9. Classifier performance was extremely high almost immediately after trial onset. Does the classifier perform at chance before the trial onset, or does this reflect sustained but not stimulus-specific information?
Thanks for pointing out that we were missing this information – yes, the classifier performs at chance in the pre-stimulus onset time. We have now added this to the modified figures in the revised manuscript.
10. The connectivity analysis appears to be just a correlation of decoding results between two regions of interest. This means, if one "region" allows for decoding the distance to the object, the other one does too. However, this alone does not equal connectivity. It could simply mean that patterns across the entire brain allow for decoding the same information. For example, it would not be surprising to find that both ROIs correlate more strongly for correct trials (i.e. the brain has obviously represented the relevant information) than for errors (i.e. the brain has failed to represent the information), without this necessarily being related to connectivity at all. The more parsimonious interpretation here is that information might have been represented across all channels at this time. The authors show no evidence that only these two (arbitrarily selected) "regions" encode the information while other do not. To show evidence for meaningful connectivity, (a) the spread of information should be limited to small sub-regions, and (b) the decoding results in one "region" should predict the results in another region in time (as for DCM).
Thanks for the important point. Actually, our connectivity analysis is not simply a correlation of magnitudes of decoding accuracy between two regions of interest, but rather a correlation of the patterns of decoding accuracies across conditions (i.e., across distances). Our approach follows the concept of informational connectivity (explained in more detail below) which measures how much similarity in information coding there is between two brain areas across conditions, which is interpreted as reflecting their potential connectivity.
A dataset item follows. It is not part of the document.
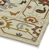 The Homar is an addition to our collection of Persian-inspired rugs with bold abstract botanical motifs on a neutral ground. The piece is hand tufted, which is a weaving technique that combines ancient skills with modern tools. It involves using a canvas, a tufting gun, and wool strands that are pushed into the base. After weaving, the rug is washed and backed to secure the tufts and a cotton secondary backing is applied for a final protective finishing. Due to the artisanal craft process, each piece will have individual characteristics that add to their charm.
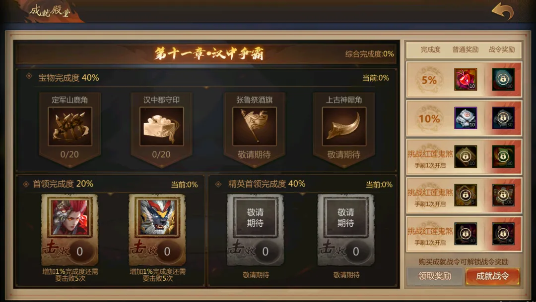 第十一章 「汉中争霸」关卡成就、奖励一览

Therefore, rather than the average magnitude of decoding accuracy (high vs. low), the connectivity is driven by the correlation between the patterns of decoding accuracies either across time (Coutanche and Thompson-Schill, 2013) or across conditions (Kietzmann et al., 2018). We used the latter (i.e., RDMs) here to study connectivity. This is a critical difference because high classification values in two regions will not necessarily correspond to high connectivity in our analysis.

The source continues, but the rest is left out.